Her prediction proves true. Liz’s sudden death breaks through Jay’s emotional paralysis. In grief, he discovers that feeling — even pain — is reason enough to stay alive.

==Cast==
- Jordan Dulieu as Jason Knight
- Freyja Benjamin as Elizabeth Myers
- Gigi Edgley as Meredith Knight
- Martin Crewes as David Knight
- Siham Yahya as Dr Freeda Yussuf
- Esther Anderson as Linda
- Benjamin Matthews as Dr Lucas Armstrong
- Isabella Bucceri as Myrna

==Release==
The film was released theatrically on October 20, 2022, in Australia, initially opening on 31 screens nationally with an additional 18 locations added in the following week. It was released in North America in February 2024 by Giant Pictures. The film is distributed in the United Kingdom by Bohemia Media.

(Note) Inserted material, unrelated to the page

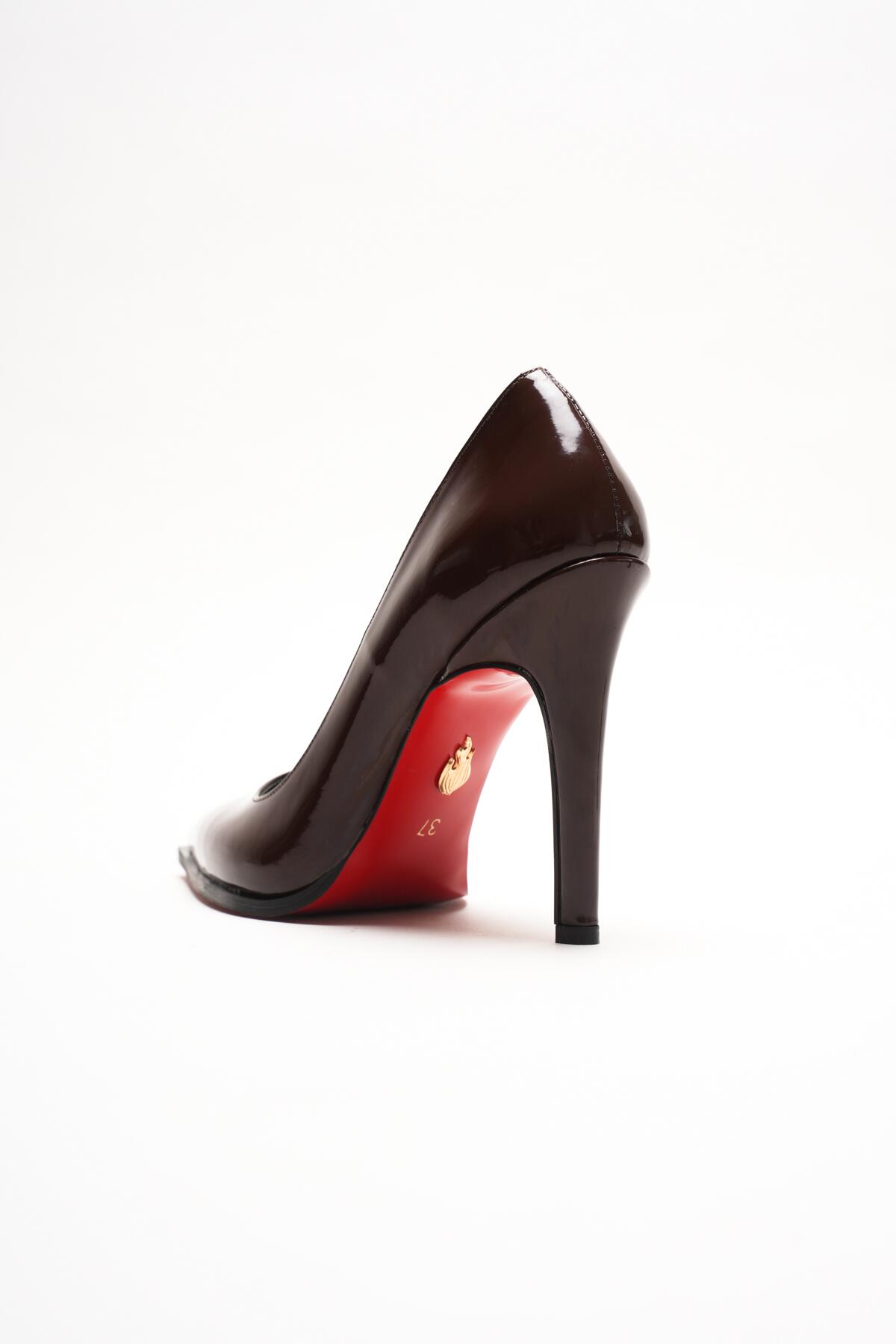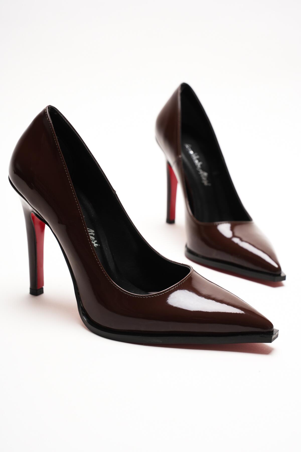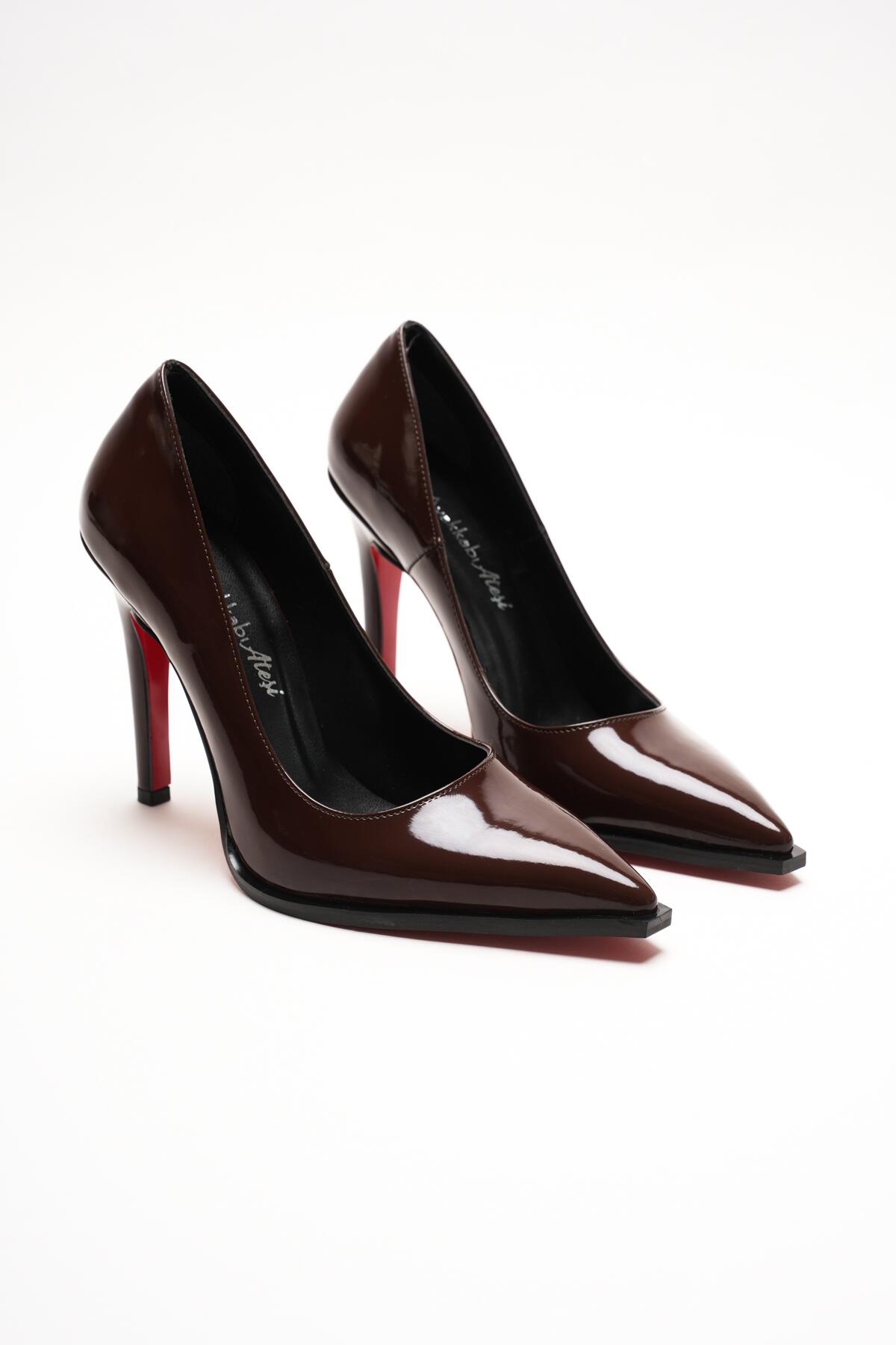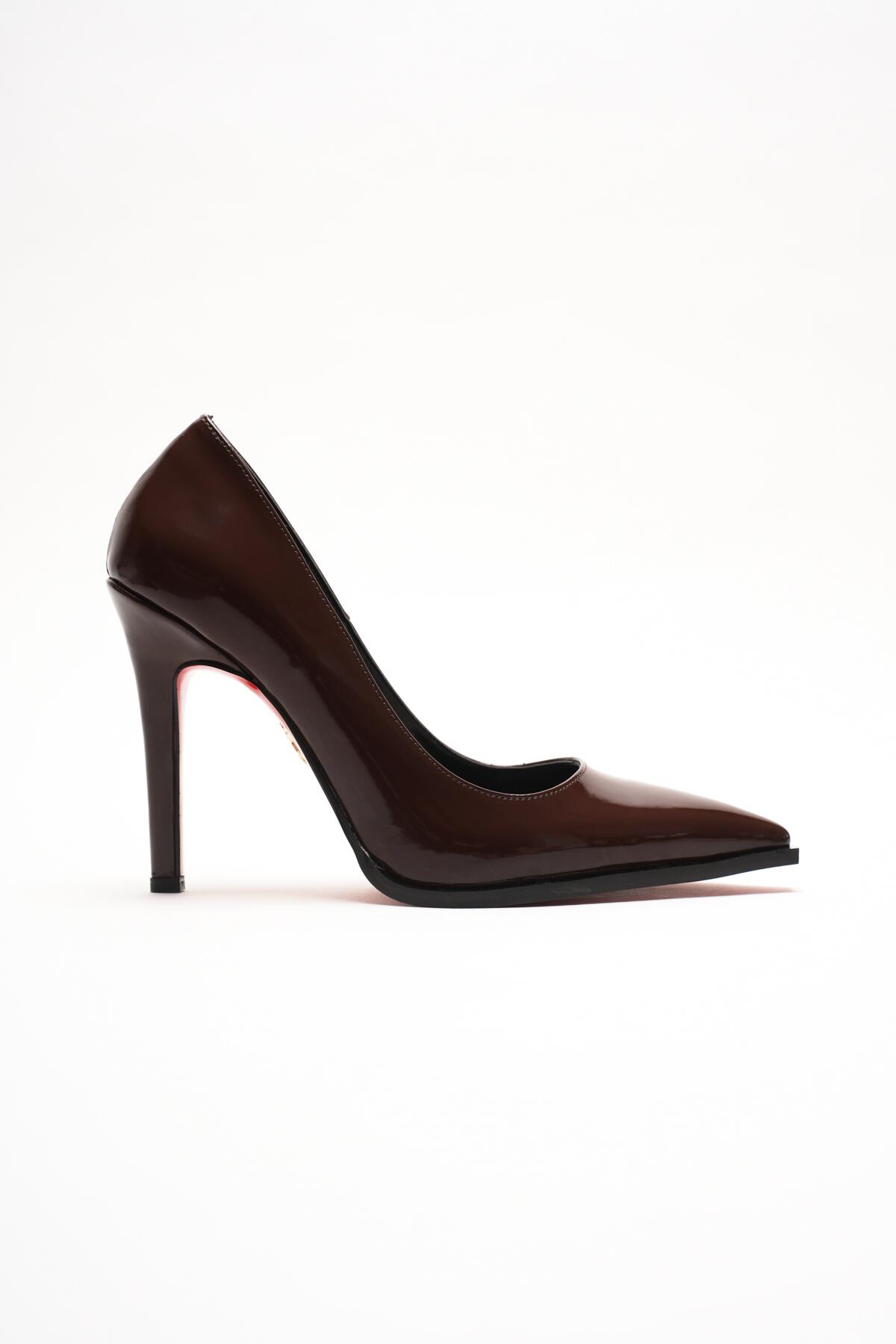 Stiletto Topuklu Ayakkabı Sivri Burun Klasik Abiye Kadın Ayakkabısı Tokyo Kahverengi Rugan

In 2026, Everything in Between was selected by the Australian Teachers of Media (ATOM) for its Classroom Cinema Program. The film is also available to Australian schools through ClickView, where it is featured as part of the platform's Australian Movies collection.

==Reception==
The film has garnered a box office gross of $24,341 worldwide.

===Critical reception===
The film received mixed to positive reviews. David Stratton awarded the film three and a half stars, praising the performances: "as Liz, Benjamin evokes the young Barbara Hershey, while Dulieu is excellent as the troubled Jay, bringing surprising nuance to what could have been a routine character. Indeed, the entire film is better than you might expect, redeemed by a better-than-average screenplay (by director Nadi Sha and Grant Osborn) and by the actors."

Martin Fabinyi remarked on the film’s subtlety and effective performances, calling Everything in Between "a small film with a big heart." A preview of the film was also featured at the 12th Beijing International Film Festival, where it received attention for its unconventional approach: "such films rewrite the beauty and pain of youth in an alternative form."